___ Provided material ___

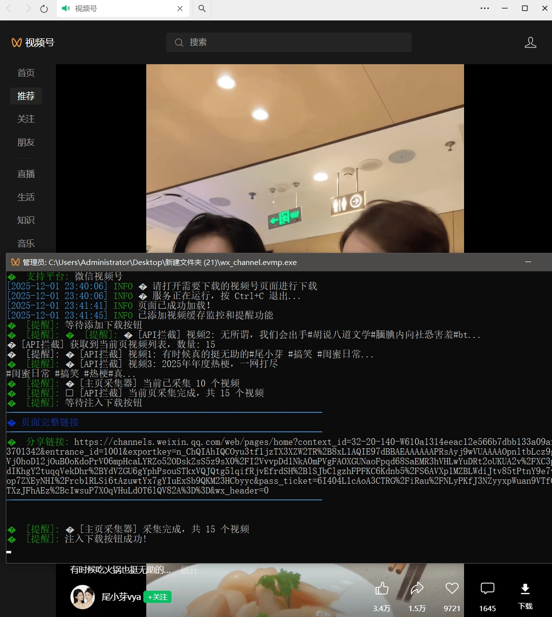 - 软件通过微信官方视频api注入进行下载-绿色合规合法
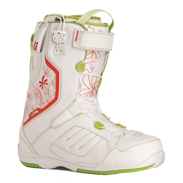 Deeluxe Alpha Lara CF Snowboard Boots - Women's 2009: These days it's all about how fast your laces are. But what's the point of lacing faster if you sacrifice a good, tight fit? Deeluxe is stepping up the lacing game with their Sectional Control Lacing, which offers lightning fast tightening in three separate zones. With the Alpha CF Boots, you get the perfect fit of the SCL lacing system with the Deeluxe Powerstrap and girls' specific back cuff for solid calf hold to eliminate blistering rub and calf bite. The CF liner gives the Alpha Boots a big comfort boost with its cushy foam and advanced footbed design. Grab the Deeluxe Alpha CF boots and shred in comfort with confidence.
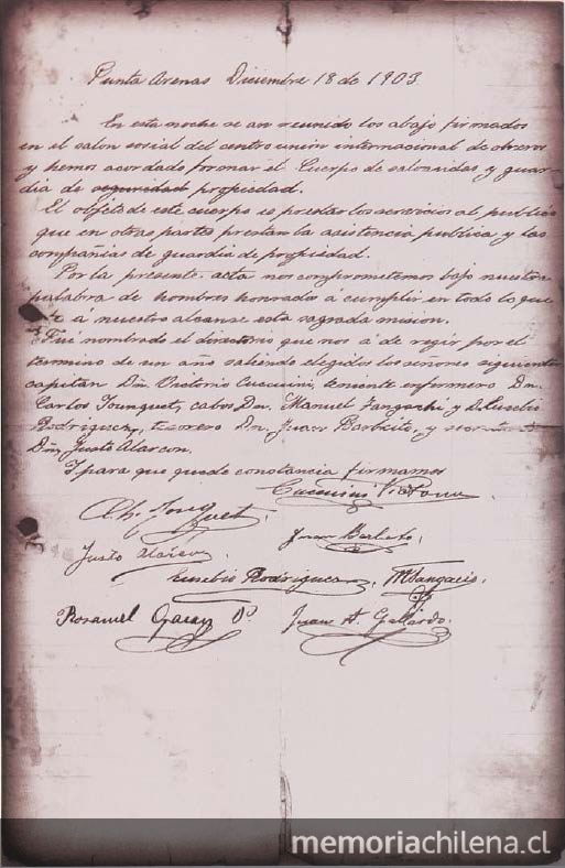 Acta de fundación de la Cruz Roja Chilena, Punta Arenas, 18 de diciembre de 1903

___

Top to bottom, retype the listing exactly but drop every picture.

** Answer to the exercise **
 - 软件通过微信官方视频api注入进行下载-绿色合规合法
 Deeluxe Alpha Lara CF Snowboard Boots - Women's 2009: These days it's all about how fast your laces are. But what's the point of lacing faster if you sacrifice a good, tight fit? Deeluxe is stepping up the lacing game with their Sectional Control Lacing, which offers lightning fast tightening in three separate zones. With the Alpha CF Boots, you get the perfect fit of the SCL lacing system with the Deeluxe Powerstrap and girls' specific back cuff for solid calf hold to eliminate blistering rub and calf bite. The CF liner gives the Alpha Boots a big comfort boost with its cushy foam and advanced footbed design. Grab the Deeluxe Alpha CF boots and shred in comfort with confidence.
 Acta de fundación de la Cruz Roja Chilena, Punta Arenas, 18 de diciembre de 1903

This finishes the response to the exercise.